I have covered the issue of soul sleep before. One version is held by Seventh-Day Adventists and teaches exactly that, that the spirit of the dead is asleep in the grave, waiting to be revived at the Second Coming. The Jehovah's Witnesses hold a different version, according to which the spirit of the dead disintegrates, and is recreated at the Second Coming. Either way, the doctrine is unbiblical.
First, consider Acts 7:59: "And as they were stoning Stephen, he called out, 'Lord Jesus, receive my spirit.'" The context is the account of the martyrdom of Stephen. Just as he is about to die, he proclaims the words recorded here. The verb "receive" is a present tense imperative. Present tense, not future tense. He expects to pass in the coming seconds from his current circumstances into the waiting arms of Jesus. He expected no intervening period of two-thousand years - so far - before that meeting. Unlike the members of the Watchtower, he expected that blessing now!

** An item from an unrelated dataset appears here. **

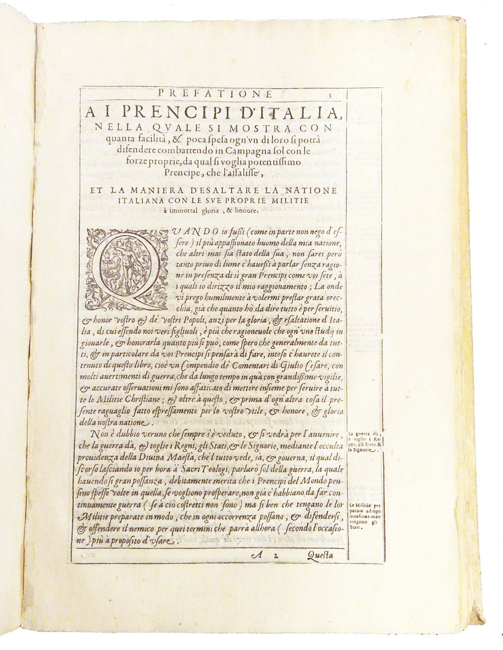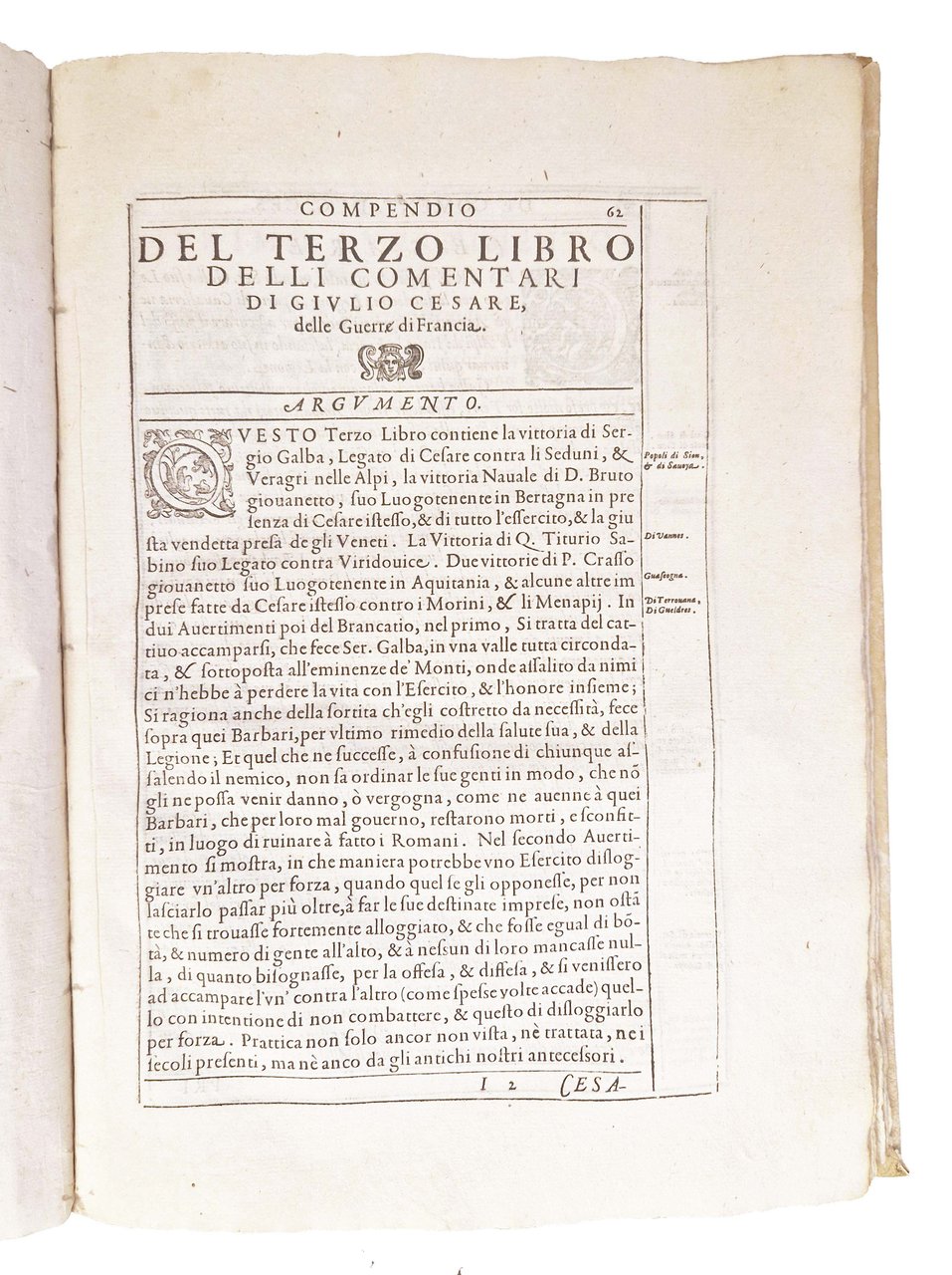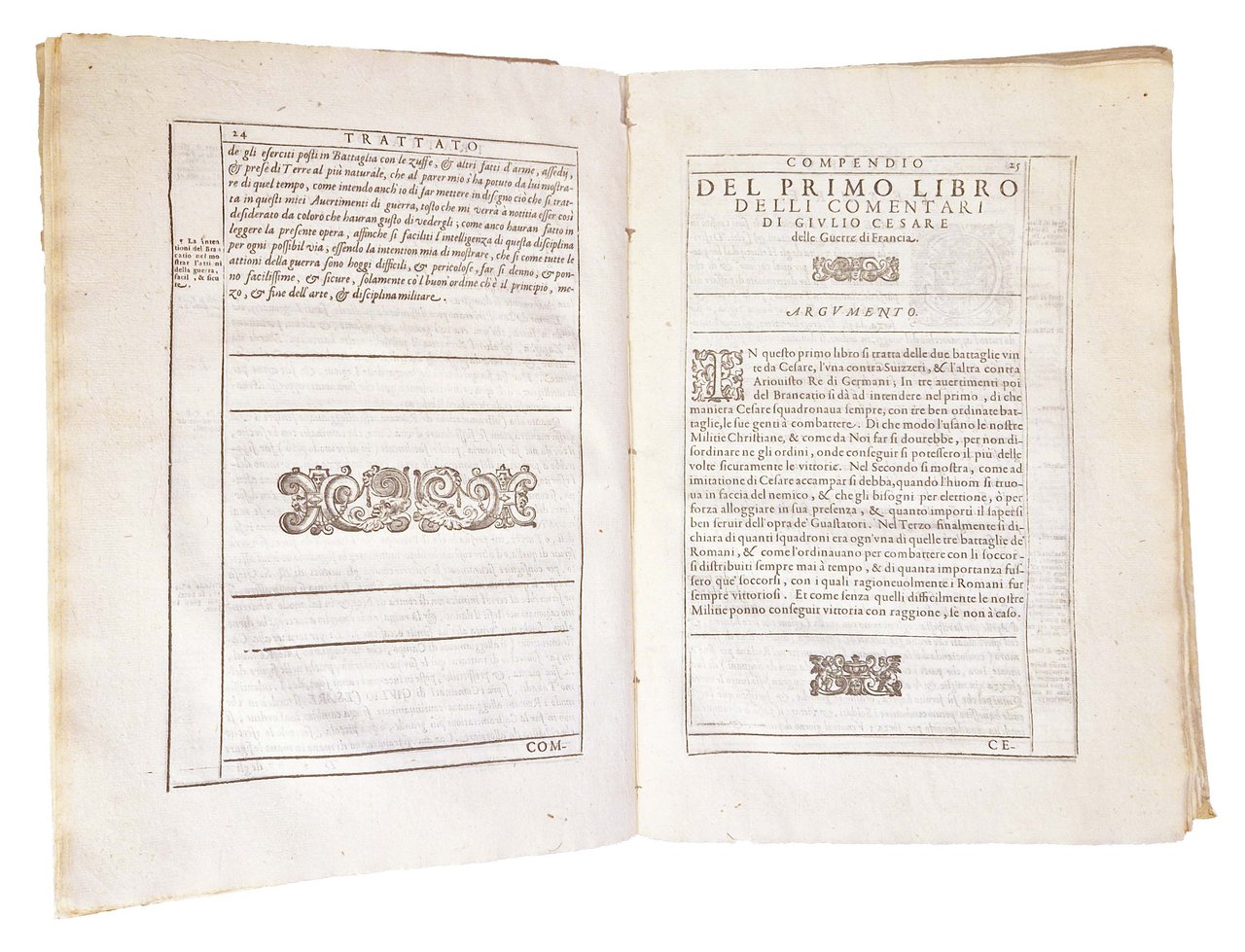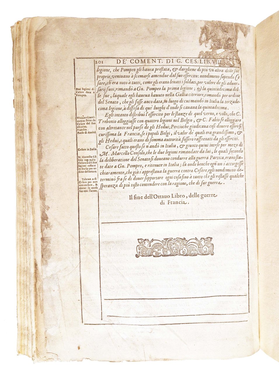 in-2°, 314x216 mm, leg. originale in pergamena successivamente restaurata; pp. 201 [i.e. 202], [2]. La c. I1r numerata 61, il v. è fuori numerazione e bianco, la c. I2r numerata 62. Ripetute nelle numerazione la p. 64. Marca xilografica sul front. (Aquila su corona come cimiero di uno scudo. Nello scudo ancora Aldina accollata da delfino e cimata da altra aquila). Iniziali e fregi xilografici. Tutte le pp. entro cornice xil. Per l'attribuzione a Giulio Cesare Brancaccio, cfr. DBI vol. 13 p. 780-784. Prima ed unica edizione Aldina di questo trattato di arte militare a cura del Brancaccio (1515?-1584?). L'opera è preceduta da una lunga prefazione, quindi dagli "Avertimenti di guerra del Brancatio … sopra i Comentari di Giulio Cesare" e infine da un "Brevissimo trattato delle Legioni & arme de' Romani al tempo di Giulio Cesare", cui seguono i commentari reinterpretati sulle tecniche di battaglia moderne. Rif.: IT\ICCU\TO0E\002137. CNCE 7431. OCLC, 909376625. Cond.: Tracce d'uso alla legatura (restauri al dorso, discreta tesatura della pergamena al piatto anteriore con leggero incurvamento al taglio laterale). Antico restauro al frontespizio, con ripristino di una porzione di carta mancante al margine superiore, senza perdite di testo. Testo marginoso su carte molto pulite. Tracce di antichi restauri ad alcune carte e occasionali piccoli lavori di tarlo al margine inferiore di alcune carte, non interessanti il testo. Piccola macchia al margine superiore interno dell'ultima pagina. Esemplare decisamente molto buono.

Next, look at Hebrews 12:23: "[You have come] to the assembly of the firstborn who are enrolled in heaven, and to God, the judge of all, and to the spirits of the righteous made perfect." Here the author describes the Heavenly Jerusalem, the glorified church, sometimes called the Church Triumphant, which consists of "spirits made perfect." Notice again the present tense. These spirits are the saints already in Heaven, in their glorified state. They are not spirits in the author's far future, as the Watchtower and SDA's claim.
On top of the proofs I have given in the past (use the "soul sleep" tag at the bottom), these verses easily demonstrate that the soul sleep doctrine, whether of the Seventh-Day Adventist version or of the Jehovah's Witness version, is a manmade doctrine, invented in spite of the biblical testimony, not derived from it.